# please help my tank have a big problem



## sayjaibao (Mar 29, 2011)

i don't know what i did to my tank(freshwater) all my fish dead except my silver arrowana. its been few monthes, the arrowana is fine in there. any new fish i put in they die within 1-2 days. when they die their body is like white and stuff. i tested the water its fine PH 6.0 amonia was low. i did water changes and stuff and nothing seems working. i don't know what to do please help. thank you


----------



## zubanhunter (Mar 22, 2011)

How are you acclimating your new fish? I have a low pH tank as well (around 6) and have had fish die of pH shock when they were introduced. I now always use drip acclimation (great thread on this: Drip acclimating fish and have stopped having issues.


----------



## sayjaibao (Mar 29, 2011)

so my fish die because of low ph? should i get my ph up or leave it like tat and do the drip acclimating fish like u said?


----------



## jrman83 (Jul 9, 2010)

I don't think he is saying that your fish die because of a low ph. What is being said is there could be a big difference between the water they were in compared to your water. Drip acclimation can help the fish get accustomed to your water and increase chances of survival.

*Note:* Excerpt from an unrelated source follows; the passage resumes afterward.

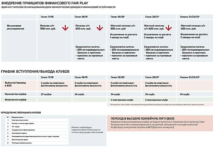 Вот такой план развития лиги, по мнению руководства КХЛ, нам выдвинули в конце прошлого сезона. Ну, о нем чуть попозже, пока поговорим о нынешней ситуации. Некоторые говорят, мол, в лиге вообще не существует потолка зарплат, тут они неправы. Он существует, но назвать его жестким никак нельзя, он скорее натяжной. Все клубы лиги могут его обходить, платя при этом соответственную сумму за превышение. Возникает вопрос : "Ну как мы можем называть себя сильной и конкурирующей лигой, когда многие клубы лиги чихают на этот самый потолок?" Более того, у нас итак в лиге есть разделение клубов на : богатых и всех остальных, это убивает почти всю интригу, так еще и руководство лиги, делает все, чтобы наш чемпионат превратился в соперничество 7-8 клубов. Если бы у нас был жесткий потолок зарплат, то клубам-олигархам приходилось бы немного снизить свои аппетиты и начинать более обдуманно походить к подписанию тех или иных хоккеистов, да и хоккеисты бы, большое их число, стали бы получать деньги, на которые они реально играют. И не стоит забывать, что зарплатные ведомости у нас в лиге держат под стражайшим секретом, в отличие от НХЛ, к которой мы стремимся, уже давным-давно можно найти информацию про заработную плату тех или иных хоккеистов. Как только хоккеисты подписывают контракт с клубами НХЛ, сразу же появляется информация какую сумму получат игроки за годы проведенные в клубе. Вы можете представить, что завтра любой клуб КХЛ озвучит заработную плату любого хоккеиста своей команды? Я нет. Для чего закрывают ведомость? Чтобы народ не узнал какие деньги получают некоторые хоккеисты, которые просто-напросто не играют на те деньги, которые им падают на карточку. Пример - Данил Мамаев из Трактора. Защитник дебютировал в лиге в прошлом сезоне и не сказать, чтоб удачно, но получает он на уровне среднего игрока КХЛ, а все потому что у него тесть - Иван Сеничев, директор челябинского клуба. И вы представляете какая волна поднялась бы если бы его цифры в контракте появились в открытом доступе? Сразу же бы начали спрашивать с руководства, почему они платят довольно не малые деньги достаточно посредственному игроку, когда за эти же средства можно купить игрока лучше него? Ну и судя по схеме выше, с сезона 18-19 в лиге будет жесткий потолок зарплат, но все-таки, так называемую звезду, из-под этого потолка вывести можно, а вот с сезона 20-21 у нас в лиге должно настать равенство. Потолок будет 600 миллионов рублей. Это означает, что уровень хоккея должен упасть, но лига станет конкурентной. 600 миллионов, прямо скажем, небольшая сумма, и скорее всего мы доживем до того момента, когда игроки из КХЛ будут убегать в НХЛ за большими контрактами, а не наоборот, как сейчас. Зато игроки будут вынуждены снизить свои завышенные требования, ведь 600 миллионов это не 900, да и клубов на тот момент должно стать меньше, не стоит про это забывать.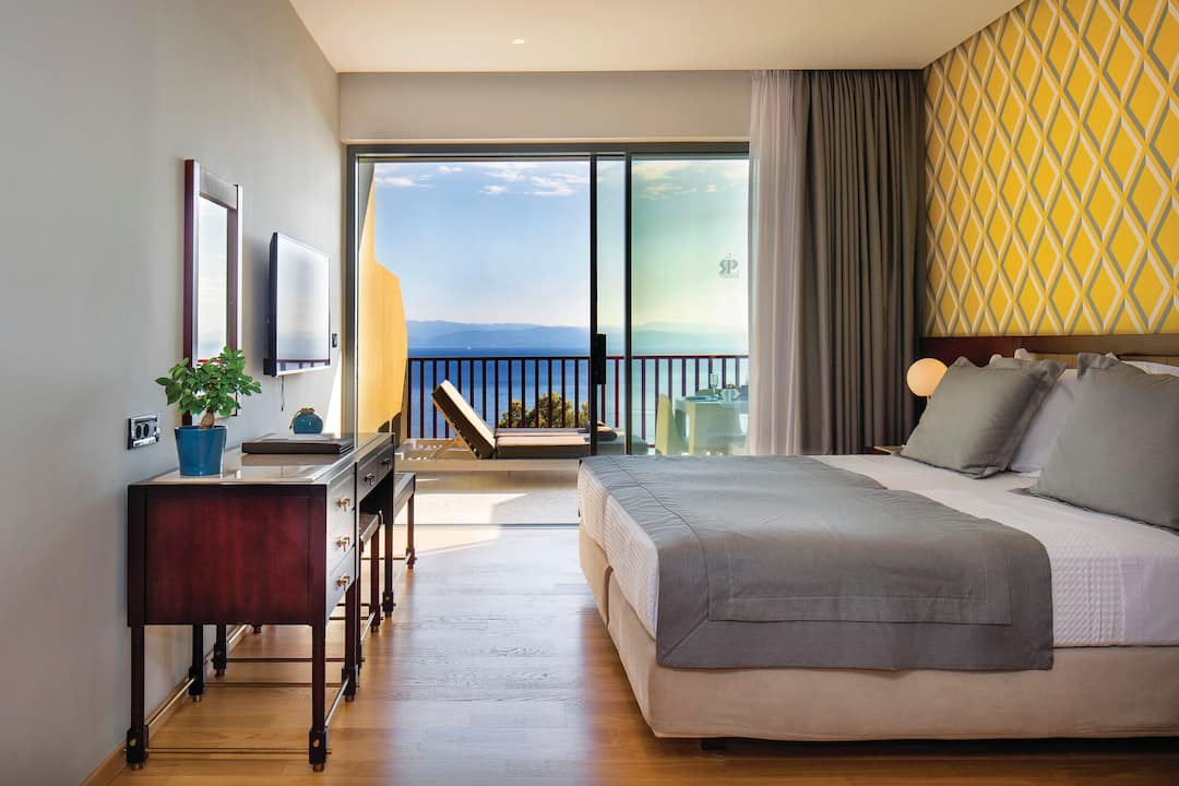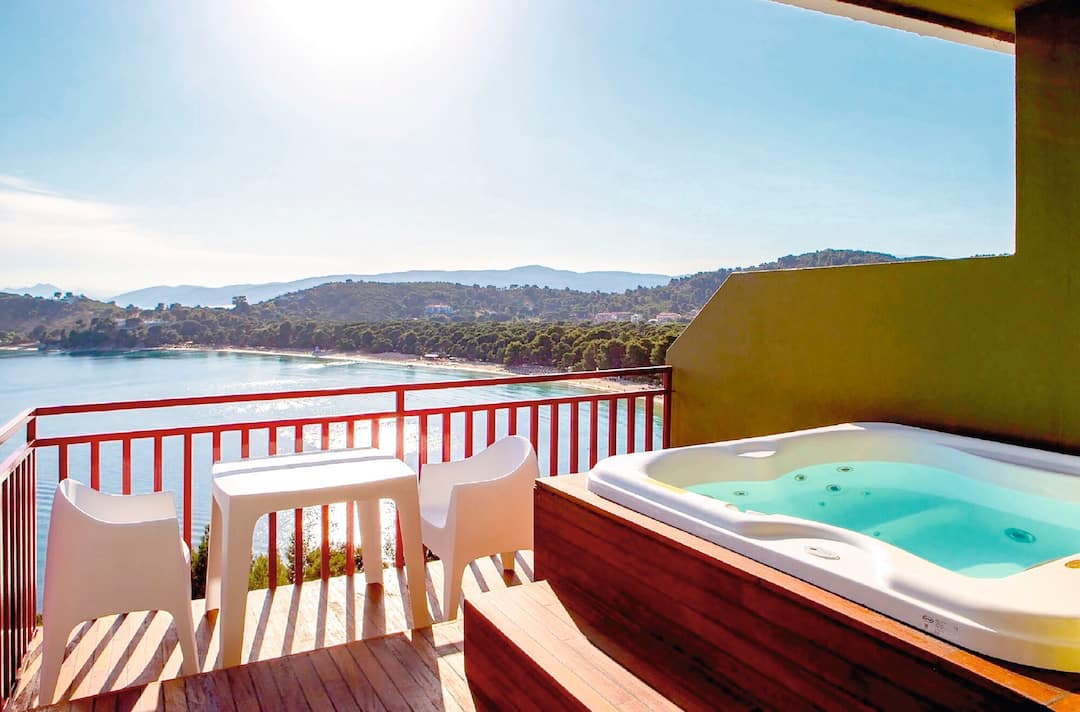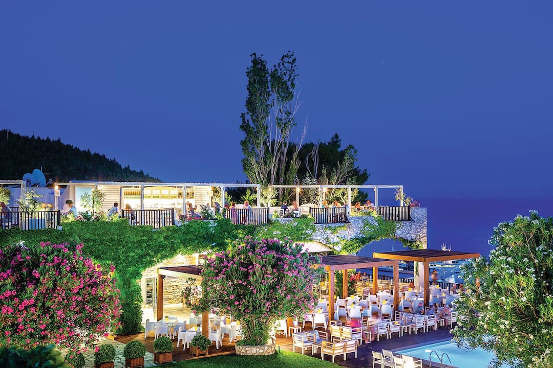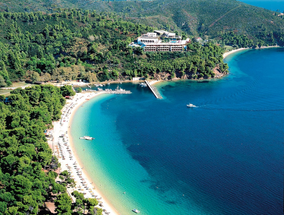 The hotel is on a pine-covered cliff that overlooks the bay of Koukounaries. What’s more, two of the best sandy beaches in Skiathos sit either side of the hotel.

What is your reading for ammonia?

How long has your tank had fish in it?


----------



## sayjaibao (Mar 29, 2011)

i had the tank for like a year, the ammonia lvl is like .50
why is the ph on my tank is so low?
it wasnt like tat before dont know wat happened.


----------



## phys (Feb 4, 2011)

you probably didnt let your fish get used to the new water you have in your tank. a slow introduction into new water is best for them. if you do not, they can die within a few hours. 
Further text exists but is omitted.